#### [To do]
For the material below, return exactly the lines starting at the line containing "大森第五小学校の5年生は、地" and ending at the line containing "Zejména v oblastech", both ends included, and no others.

#### [Supplied records]
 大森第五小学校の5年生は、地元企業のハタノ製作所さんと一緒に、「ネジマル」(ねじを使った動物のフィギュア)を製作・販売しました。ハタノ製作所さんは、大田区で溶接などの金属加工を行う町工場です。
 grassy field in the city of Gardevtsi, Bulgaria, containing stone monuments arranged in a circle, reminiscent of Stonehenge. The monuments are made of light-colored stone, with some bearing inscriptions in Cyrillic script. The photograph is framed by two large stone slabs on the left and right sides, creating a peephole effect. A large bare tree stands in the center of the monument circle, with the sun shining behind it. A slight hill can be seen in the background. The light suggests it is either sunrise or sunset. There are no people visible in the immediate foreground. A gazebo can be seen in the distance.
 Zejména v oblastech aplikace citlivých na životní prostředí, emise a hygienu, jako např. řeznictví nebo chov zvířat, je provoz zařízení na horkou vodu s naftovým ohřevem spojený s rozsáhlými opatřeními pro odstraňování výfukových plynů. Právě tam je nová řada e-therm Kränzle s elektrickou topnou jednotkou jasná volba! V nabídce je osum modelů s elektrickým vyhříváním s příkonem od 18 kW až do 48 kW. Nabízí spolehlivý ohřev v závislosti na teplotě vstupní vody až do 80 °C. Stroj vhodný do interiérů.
--
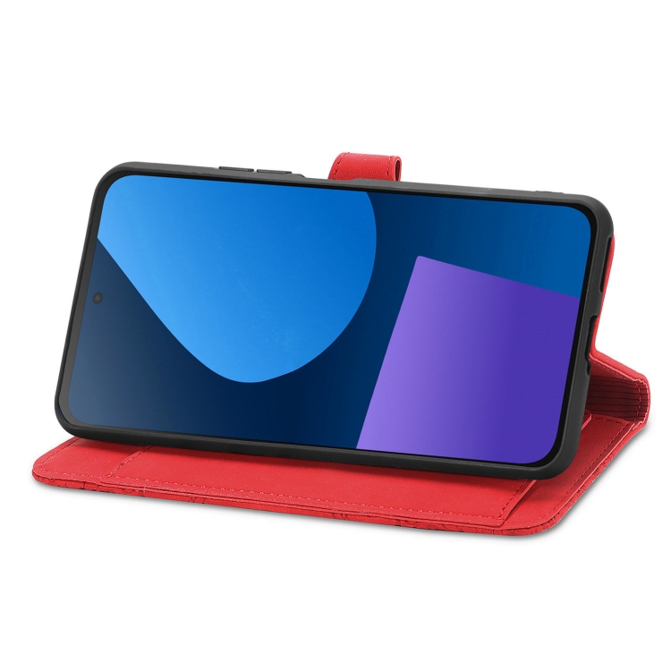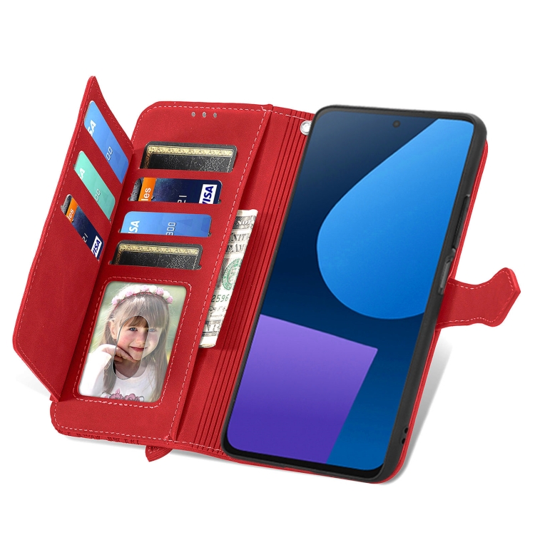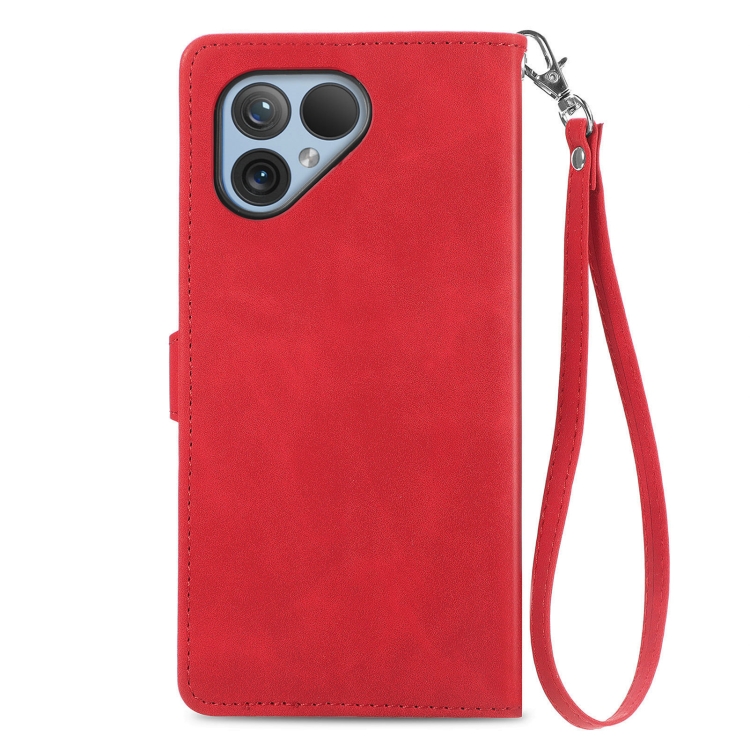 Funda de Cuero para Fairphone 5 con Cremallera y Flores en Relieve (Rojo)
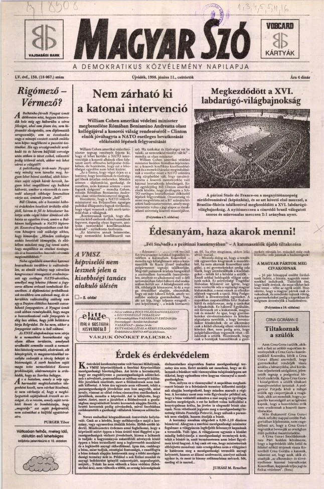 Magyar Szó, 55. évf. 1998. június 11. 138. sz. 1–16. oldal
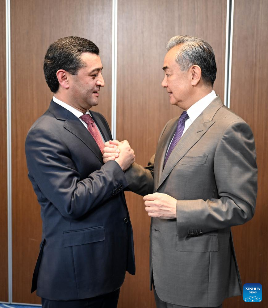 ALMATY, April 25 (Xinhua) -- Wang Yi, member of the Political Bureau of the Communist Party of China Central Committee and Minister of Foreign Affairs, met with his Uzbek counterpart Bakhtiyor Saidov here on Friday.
--
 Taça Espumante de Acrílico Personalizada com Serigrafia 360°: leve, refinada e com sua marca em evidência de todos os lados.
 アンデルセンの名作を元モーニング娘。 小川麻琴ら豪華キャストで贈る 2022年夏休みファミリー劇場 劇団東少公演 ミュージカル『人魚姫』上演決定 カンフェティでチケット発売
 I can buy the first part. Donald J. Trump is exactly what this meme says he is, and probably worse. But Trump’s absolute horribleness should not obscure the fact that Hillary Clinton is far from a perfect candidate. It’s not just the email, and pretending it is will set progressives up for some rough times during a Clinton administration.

#### [Result of the task]
 大森第五小学校の5年生は、地元企業のハタノ製作所さんと一緒に、「ネジマル」(ねじを使った動物のフィギュア)を製作・販売しました。ハタノ製作所さんは、大田区で溶接などの金属加工を行う町工場です。
 grassy field in the city of Gardevtsi, Bulgaria, containing stone monuments arranged in a circle, reminiscent of Stonehenge. The monuments are made of light-colored stone, with some bearing inscriptions in Cyrillic script. The photograph is framed by two large stone slabs on the left and right sides, creating a peephole effect. A large bare tree stands in the center of the monument circle, with the sun shining behind it. A slight hill can be seen in the background. The light suggests it is either sunrise or sunset. There are no people visible in the immediate foreground. A gazebo can be seen in the distance.
 Zejména v oblastech aplikace citlivých na životní prostředí, emise a hygienu, jako např. řeznictví nebo chov zvířat, je provoz zařízení na horkou vodu s naftovým ohřevem spojený s rozsáhlými opatřeními pro odstraňování výfukových plynů. Právě tam je nová řada e-therm Kränzle s elektrickou topnou jednotkou jasná volba! V nabídce je osum modelů s elektrickým vyhříváním s příkonem od 18 kW až do 48 kW. Nabízí spolehlivý ohřev v závislosti na teplotě vstupní vody až do 80 °C. Stroj vhodný do interiérů.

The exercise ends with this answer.